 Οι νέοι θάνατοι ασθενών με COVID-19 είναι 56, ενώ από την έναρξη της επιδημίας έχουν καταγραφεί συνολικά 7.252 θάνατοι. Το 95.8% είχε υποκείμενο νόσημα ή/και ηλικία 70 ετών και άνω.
☆ ☆ ☆ ☆ ☆ ☆ ☆
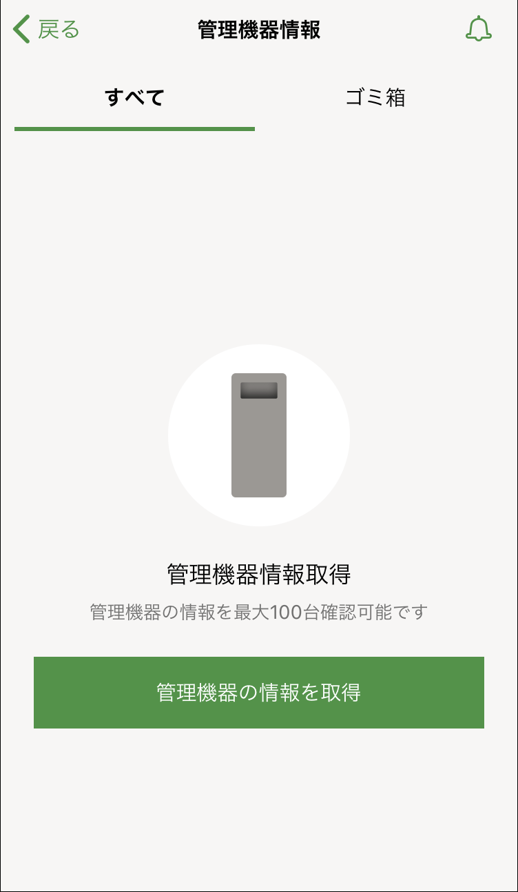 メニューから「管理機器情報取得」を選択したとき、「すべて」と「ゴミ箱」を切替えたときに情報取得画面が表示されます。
☆ ☆ ☆ ☆ ☆ ☆ ☆
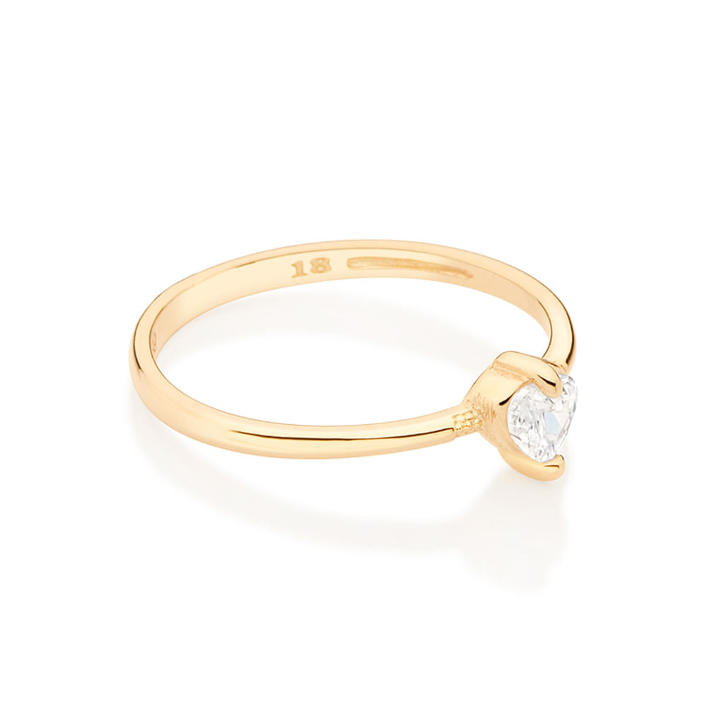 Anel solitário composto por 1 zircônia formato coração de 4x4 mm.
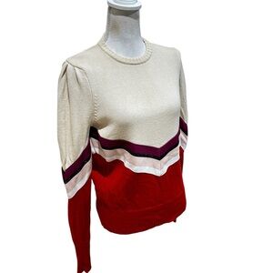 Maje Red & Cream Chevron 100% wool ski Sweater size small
☆ ☆ ☆ ☆ ☆ ☆ ☆
> **Exercise details**
Reproduce word for word, with pictures dropped, only the part of the material above that opens with the line containing "Anel solitário composto" and closes with the line containing "Maje Red & Cream".

> **Written response**
 Anel solitário composto por 1 zircônia formato coração de 4x4 mm.
 Maje Red & Cream Chevron 100% wool ski Sweater size small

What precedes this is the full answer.